Mehrdad Moghimi

LG
h-index13
4papers
8citations
Novelty59%
AI Score45

4 Papers

LGFeb 4
Decoupling Time and Risk: Risk-Sensitive Reinforcement Learning with General Discounting

Mehrdad Moghimi, Anthony Coache, Hyejin Ku

Distributional reinforcement learning (RL) is a powerful framework increasingly adopted in safety-critical domains for its ability to optimize risk-sensitive objectives. However, the role of the discount factor is often overlooked, as it is typically treated as a fixed parameter of the Markov decision process or tunable hyperparameter, with little consideration of its effect on the learned policy. In the literature, it is well-known that the discounting function plays a major role in characterizing time preferences of an agent, which an exponential discount factor cannot fully capture. Building on this insight, we propose a novel framework that supports flexible discounting of future rewards and optimization of risk measures in distributional RL. We provide a technical analysis of the optimality of our algorithms, show that our multi-horizon extension fixes issues raised with existing methodologies, and validate the robustness of our methods through extensive experiments.
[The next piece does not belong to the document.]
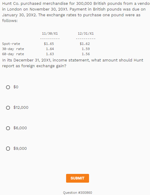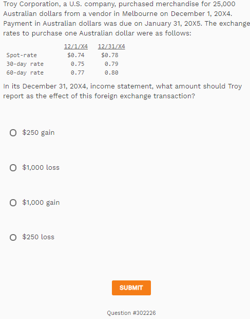 The spot rate was $.70 on December 31, 20X1. What amount should Yumi report as a foreign currency transaction loss in its income statement for the year ended December 31, 20X1?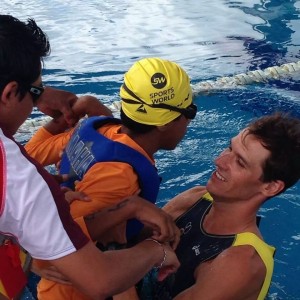 As atividades começaram no sábado de manhã com um aquathlon para a criançada entre 07 e 15 anos, incluindo uma bateria destinada para as crianças com necessidades especiais, onde eu tive o prazer de juntamente com a Nicola, ajudar um jovem em sua cadeira de rodas a completar o percurso de 150m de corrida + 25m de natação + 150m de corrida, e nos metros finais ele fez questão de caminhar até a linha de chegada e mostrar a todos nós presentes, uma grande lição de perseverança.

Our results highlight that discounting is a cornerstone in decision-making problems for capturing more expressive temporal and risk preferences profiles, with potential implications for real-world safety-critical applications.

LGJan 3, 2025
Beyond CVaR: Leveraging Static Spectral Risk Measures for Enhanced Decision-Making in Distributional Reinforcement Learning

Mehrdad Moghimi, Hyejin Ku

In domains such as finance, healthcare, and robotics, managing worst-case scenarios is critical, as failure to do so can lead to catastrophic outcomes. Distributional Reinforcement Learning (DRL) provides a natural framework to incorporate risk sensitivity into decision-making processes. However, existing approaches face two key limitations: (1) the use of fixed risk measures at each decision step often results in overly conservative policies, and (2) the interpretation and theoretical properties of the learned policies remain unclear. While optimizing a static risk measure addresses these issues, its use in the DRL framework has been limited to the simple static CVaR risk measure. In this paper, we present a novel DRL algorithm with convergence guarantees that optimizes for a broader class of static Spectral Risk Measures (SRM). Additionally, we provide a clear interpretation of the learned policy by leveraging the distribution of returns in DRL and the decomposition of static coherent risk measures. Extensive experiments demonstrate that our model learns policies aligned with the SRM objective, and outperforms existing risk-neutral and risk-sensitive DRL models in various settings.

LGJul 5, 2025
Risk-sensitive Actor-Critic with Static Spectral Risk Measures for Online and Offline Reinforcement Learning

Mehrdad Moghimi, Hyejin Ku

The development of Distributional Reinforcement Learning (DRL) has introduced a natural way to incorporate risk sensitivity into value-based and actor-critic methods by employing risk measures other than expectation in the value function. While this approach is widely adopted in many online and offline RL algorithms due to its simplicity, the naive integration of risk measures often results in suboptimal policies. This limitation can be particularly harmful in scenarios where the need for effective risk-sensitive policies is critical and worst-case outcomes carry severe consequences. To address this challenge, we propose a novel framework for optimizing static Spectral Risk Measures (SRM), a flexible family of risk measures that generalizes objectives such as CVaR and Mean-CVaR, and enables the tailoring of risk preferences. Our method is applicable to both online and offline RL algorithms. We establish theoretical guarantees by proving convergence in the finite state-action setting. Moreover, through extensive empirical evaluations, we demonstrate that our algorithms consistently outperform existing risk-sensitive methods in both online and offline environments across diverse domains.

LGNov 13, 2020
Encoded Value-at-Risk: A Predictive Machine for Financial Risk Management

Hamidreza Arian, Mehrdad Moghimi, Ehsan Tabatabaei et al.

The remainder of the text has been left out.